> Supplied information:
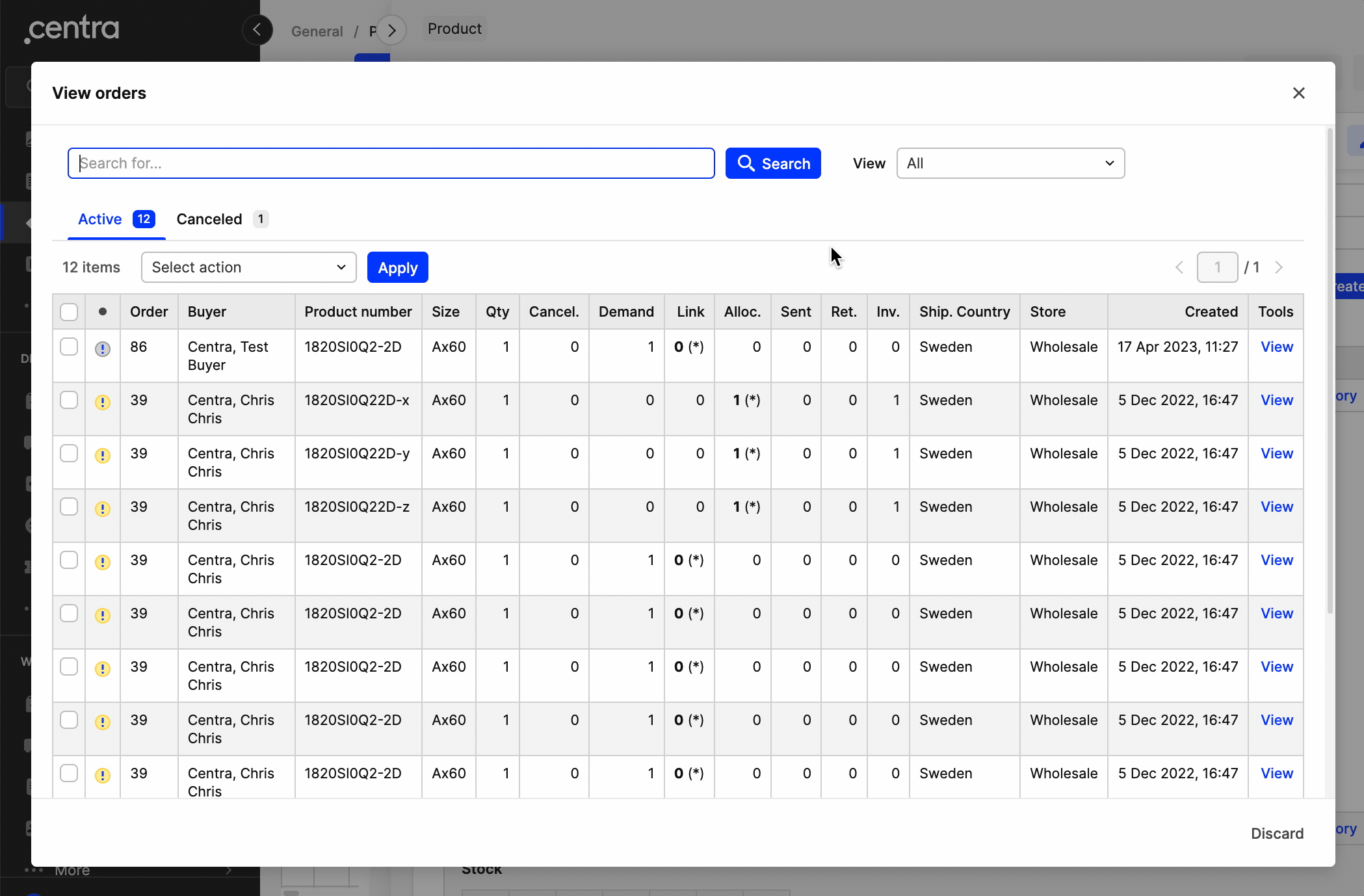 The main reason for using this pop-up is to review orders specific to the selected product. You can see how many orders have a particular order status and take appropriate action. You might want to see how many orders still have Allocated stock that has not been sent, take a note of those, and create/complete their respective shipments.
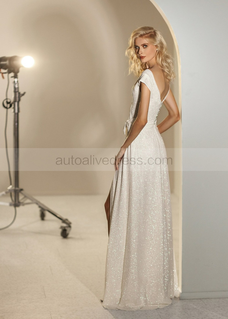Cap Sleeves Ivory Glitter Slit Wedding Dress
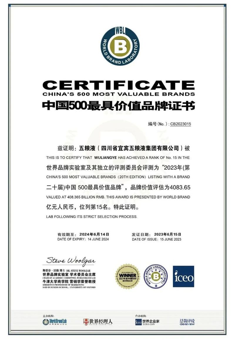 6月15日,由世界品牌实验室(World Brand Lab)主办的“世界品牌大会”在北京举行,2023年《中国500最具价值品牌》榜单及分析报告在会上发布。五粮液以4083.65亿元的品牌价值荣登榜单第15位,品牌价值增长437.46亿元,以12.00%的增幅连续6年保持双位数增长,并获评2023年度最佳表现品牌。同时,五粮液与海尔、徐工等品牌共同入选2023年《中国品牌数字化转型发展案例》。
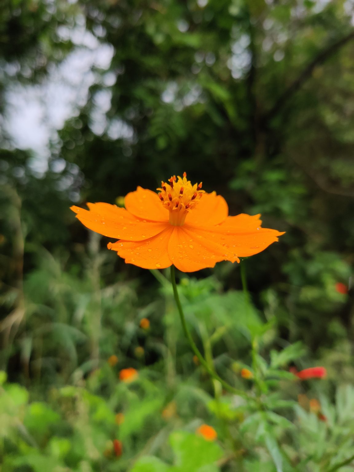 Alternative Text: A close-up of an orange flower with delicate petals and water droplets, set against a blurred green background.

> Aim of the exercise: Copy every line above word for word and exclude the pictures.

> Written reply:
 The main reason for using this pop-up is to review orders specific to the selected product. You can see how many orders have a particular order status and take appropriate action. You might want to see how many orders still have Allocated stock that has not been sent, take a note of those, and create/complete their respective shipments.
Cap Sleeves Ivory Glitter Slit Wedding Dress
 6月15日,由世界品牌实验室(World Brand Lab)主办的“世界品牌大会”在北京举行,2023年《中国500最具价值品牌》榜单及分析报告在会上发布。五粮液以4083.65亿元的品牌价值荣登榜单第15位,品牌价值增长437.46亿元,以12.00%的增幅连续6年保持双位数增长,并获评2023年度最佳表现品牌。同时,五粮液与海尔、徐工等品牌共同入选2023年《中国品牌数字化转型发展案例》。
 Alternative Text: A close-up of an orange flower with delicate petals and water droplets, set against a blurred green background.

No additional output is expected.